O caso Luxleaks começou em 2010, quando Antoine Deltour pediu a demissão das suas funções na PwC. Escandalizado com as práticas fiscais que foi descobrindo, antes de bater com a porta decidiu copiar os documentos que mais tarde viria a entregar a Edouard Perrin.
A documentação mostrava a forma como 340 multinacionais clientes da PwC - entre elas a Pepsi e a sueca Ikea - tinham conseguido benefícios fiscais junto das autoridades luxemburguesas.
O caso levou a que a Comissão Europeia, em junho de 2015, pusesse em marcha um plano de ação para tentar harmonizar os 28 sistemas europeus de impostos.
Interesse público
Deltour, a quem o Parlamento Europeu atribuiu no ano passado um prémio de Cidadania, lamenta a situação em que se vê envolvido, mas garante que agiu em consciência e que não está arrependido. "Enfrentar a Justiça é um pesadelo, mas a minha ansiedade é contrabalançada pela certeza de que agi em nome do bem comum", disse o ex-funcionário da PwC numa entrevista à agência Reuters concedida nas vésperas do início do julgamento.

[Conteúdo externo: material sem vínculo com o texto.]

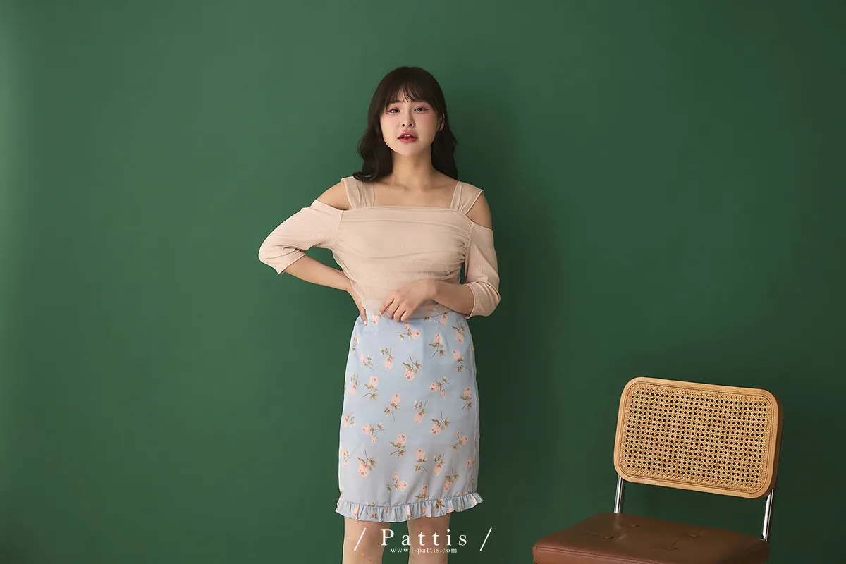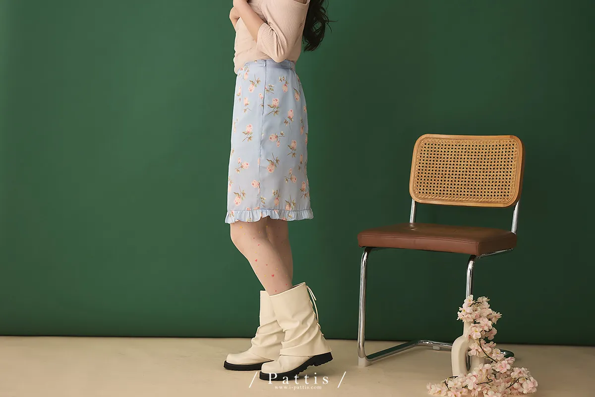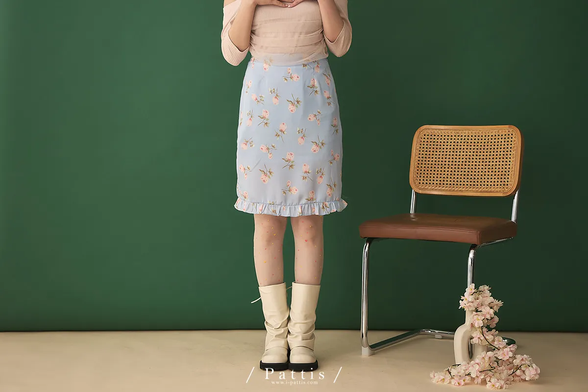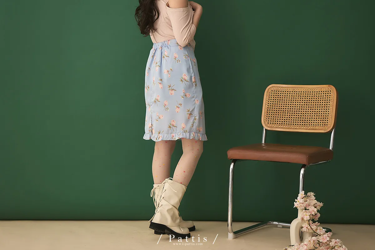 莫內花園手札 | 小玫瑰印花荷葉短裙(淺藍)
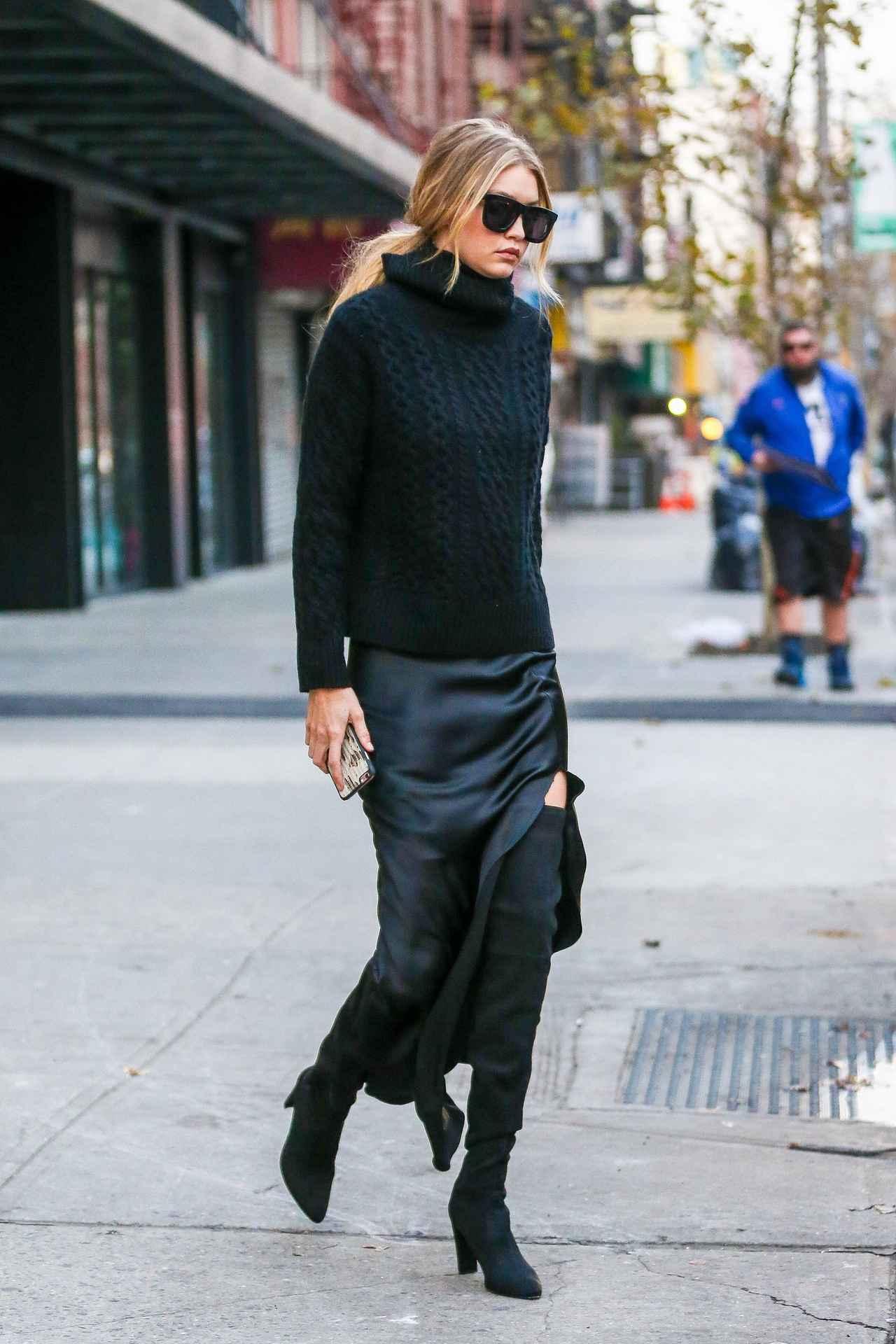旬な着こなしに定評があるトップモデルのジジ・ハディッドは、シンプルな黒のタートルネックに、スリットがセクシーなスカートを合わせた旬なオールブラックコーデ。
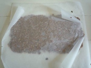 Maak het mengsel plat tussen twee bakpapiertjes eventueel met een deegroller.
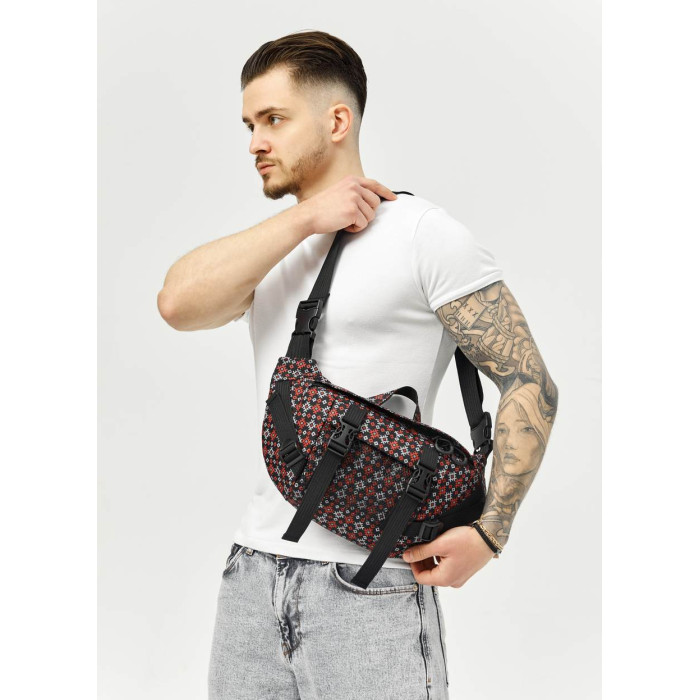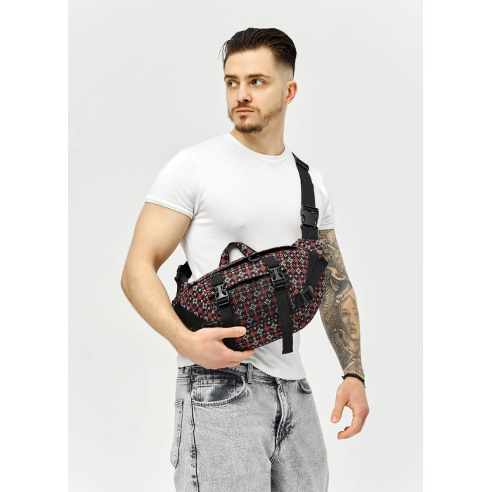 Велика чоловіча поясна сумка бананка Sambag DynamicDart тканева принт "Square"

William Bourdon, advogado de Deltour, e várias organizações não governamentais têm chamado a atenção para a necessidade de legislação que proteja os informadores quando o interesse público está em jogo. Na sua edição de ontem, o Le Monde recordava outros casos em que as fontes de informação viram as suas vidas afetadas. Um dos exemplos é o de Nicolas Forissier, que em 2007 revelou informações sobre o banco suíço UBS. Nove anos volvidos continua o braço de ferro. "Todo o meu salário vai para os advogados. São cerca de sete mil euros por trimestre", lamenta Forissier.